Vogue International Editor Suzy Menkes is the best-known fashion journalist in the world. After 25 years commenting on fashion for the International Herald Tribune (rebranded recently as The International New York Times), Suzy Menkes now writes exclusively for Vogue online, covering fashion worldwide.
13 Июля 2016
Inside the stone fortress, Sophia Loren, the new 'queen' of Naples, was receiving the southern Italian city's highest award. 'Sophia Napoletana' was written in a flourish under a portrait of the sultry 1950's film star, whose cleavage still sweeps as low as her luxurious head of hair is held high.
Her voice cracking with emotion, her grandchildren and designers Domenico Dolce and Stefano Gabbana at her side, the actress, 82, claimed that Naples was the source of all her good fortune.
The crowd roared in response. And so it had been the evening before in the centre of the city. 'We love Sophia' shouted the residents of crumbling stone buildings, waving out of the windows at their idol as she was seated in a plush, gilded chair to watch the Dolce & Gabbana Alta Moda high fashion show.
This was fashion as entertainment on an epic scale. Stefano and Domenico have invented for their super-rich clients a way to make buying clothes at stratospheric prices Fun! Fun! Fun!
But oh! The glamour of this fashion pageant. Flowers adorned the hair and heads were elongated by papal crowns as Domenico and Stefano played every emotional note: poor-but-sexy girls in torn jeans and fancy tops; nice girls in 1950s frocks splattered with flowers; sporty girls in soccer T-shirts with a homage to famous footballer Diego Maradona on the back.
Down past the church and back up again walked 99 models, the music rising to a crescendo of operatic arias as dresses with long trains patterned with giant roses swept the pathway.
The private customers, who had flown — or yacht-ed — in from over all the world and were wearing intensely glamorous, decorative, hand-made dresses and twinkling jewels, then moved on to the Naples port and its bevy of water-side restaurants, decorated with strings of fairy lights.
'They let us do everything we wanted,' said Domenico, referring to the city of Naples, which had encouraged the make-over of the harbour's local restaurants where professional performers, dancing and fireworks added to the entertainment.
Dolce & Gabbana - as they are known — have become travelling promoters for Italy, presenting with verve, panache and a touch of irony, a cliché of a country where everyone is perpetually smiling, singing like Luciano Pavarotti and the sun is, of course, always shining.
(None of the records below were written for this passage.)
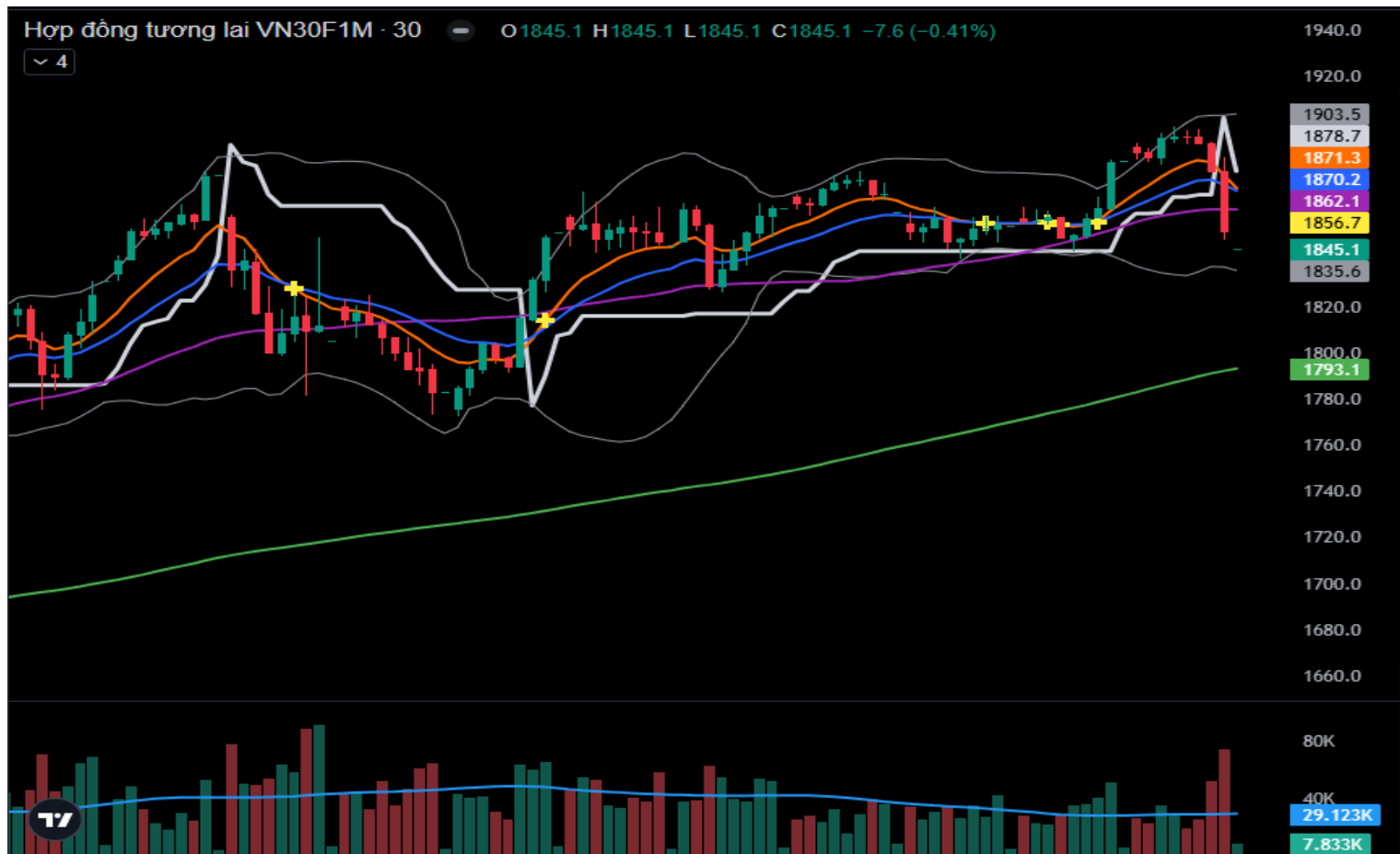
Hình 5- Chỉ số VN30F1M theo khung 30 phút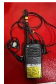
Modelo referencial de articular tipo clip orejera.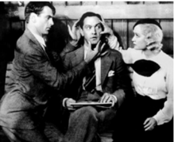
1933 SÉRÉNADE À TROIS (Design for Living) d'E. Lubitsch avec Gary Cooper, M. Hopkins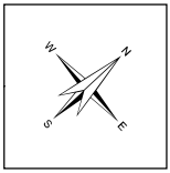
Schéma révisé de couverture de risques en sécurité incendie Réseau d'aqueduc municipal de Saint-Pamphile Carte 4-1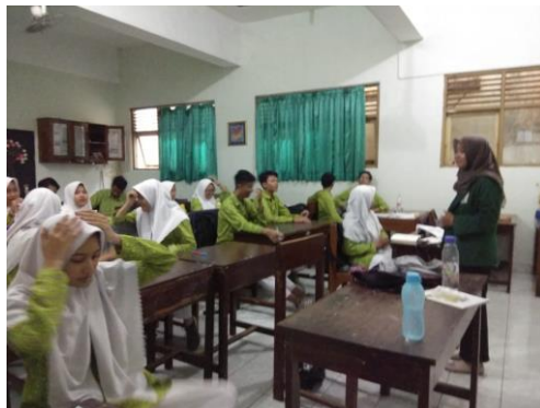
Proses pemberian kuesioner kepada siswa MAN 2 Yogyakarta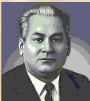
Генсек ЦК КПСС 1984-1985 К.У.Черненко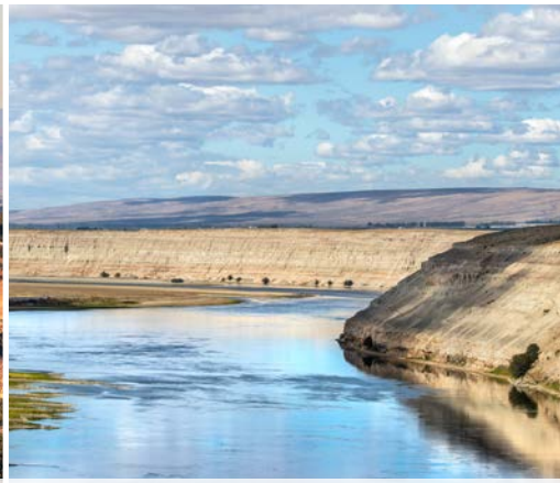
15 th White Bluffs along the Columbia River – Hanford Reach National Monument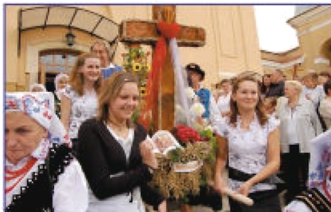
Delegacja z Hermanowej

Capri, Portofino and Venice are among previous destinations for the fashion duo's Alta Moda shows. The image is the colourful South, scanned to produce only things happy and glorious. The triple bill of shows — women's, men's and high jewellery — akes place over an entire weekend providing a light-hearted energy to what might once have been stuffy social grandeur.
Domenico said, with a laugh, that he could not confirm to me that a mighty boat floating between the castle and the twinkly lights of the town's waterfront belonged to one of his big-shot Russian clients. Perhaps the harbour was less crowded than the local aerodrome was with the private planes for other clients landing from Asia, South America and Gulf states.
Analysing the collection, it was clear that there was a strategy. For every bold outfit there was a very specific clientele — an Arabic robe, body conscious sportswear or outfits patterned with racing cars — there were impeccably tailored Neapolitan suits, the kind that tautly outline the masculine body.
I found the line-up to be a discomforting view of a male world still reflecting the James Bond era of sexist attitudes. The D&G sly wit just — but only just — carried off the collection that was redeemed by the superior craftsmanship. I thought wistfully back to last season's discreet Alta Sartoria, where fine embroidery and streamlined sports clothes had been easier to digest.
My two days in Naples were a fascinating insight into a society that is no longer cohesive as it once a was, but just plastered together by money. And judging by the crush at the Dolce & Gabbana pop up store on the yacht front and the female clients already wearing some of the most dashing new pieces, Stefano and Domenico have hit on the secret of success to attire the global society of the super rich. Make it fun to pay a fortune.